Canfield’s first publication as a graduate student at UCLA was the measurement of meltspun quasicrystalline ribbons. At Ames Lab, he was able to grow some of the first faceted single-grain, rare-earth-magnesium-zinc quasicrystals, a perfect blend of Ames Lab’s expertise in rare earths and quasicrystals.
“With (Ames Lab senior physicist) Alan Goldman we were able to determine that rare earths, ordered in a quasicrystal, act in a manner similar to a glass, but a highly ordered one,” he says. “With our discovery that solution growth was an excellent way to grow these complex materials, we expanded the number of systems we studied and actually taught the world how to grow these compounds.”
“It is my firm belief that if we look carefully enough and grow carefully enough, there will be many examples of quasicrystals lurking in binary and ternary phase diagrams,” Canfield concludes. “The real big remaining question is to understand why a material forms a quasicrystal rather than a crystalline phase.”
Alan Goldman agrees that Shechtman’s findings have ultimately changed the way researchers think about the composition of matter.
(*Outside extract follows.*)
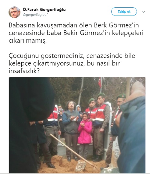 Bu duruma tepki gösteren eski Mazlum-Der Başkanı Ömer Faruk Gergerlioğlu, “Babasına kavuşamadan ölen Berk Görmez’in cenazesinde baba Bekir Görmez’in kelepçeleri çıkarılmamış. Çocuğunu gostermediniz, cenazesinde bile kelepçe çıkartmıyorsunuz, bu nasıl bir insafsızlık?” dedi.

“Danny’s discovery really opened a new frontier in materials research and certainly had a very strong impact on my own career,” Goldman says. “Very soon after his discovery, I began to study the structure and properties of quasicrystals at Brookhaven National Laboratory. When I came to Ames in 1988, I continued that work with other Ames Lab scientists such as Pat Thiel, Paul Canfield, Matt Kramer, Bill McCallum and Tom Lograsso,” he continues, “and I can only say that it has been a ‘fantastic journey’ that epitomizes the Ames Lab’s interdisciplinary approach to science.”
far left: A holmium-magnesium-zinc (Ho-Mg-Zn) quasicrystal, grown by Ames Laboratory senior physicist Paul Canfield, that clearly shows five-fold (pentagonal) symmetry.
left: An X-ray diffraction image captured by Alan Goldman that shows the “10-spots” that Shechtman first noticed through his transmission electron microscope.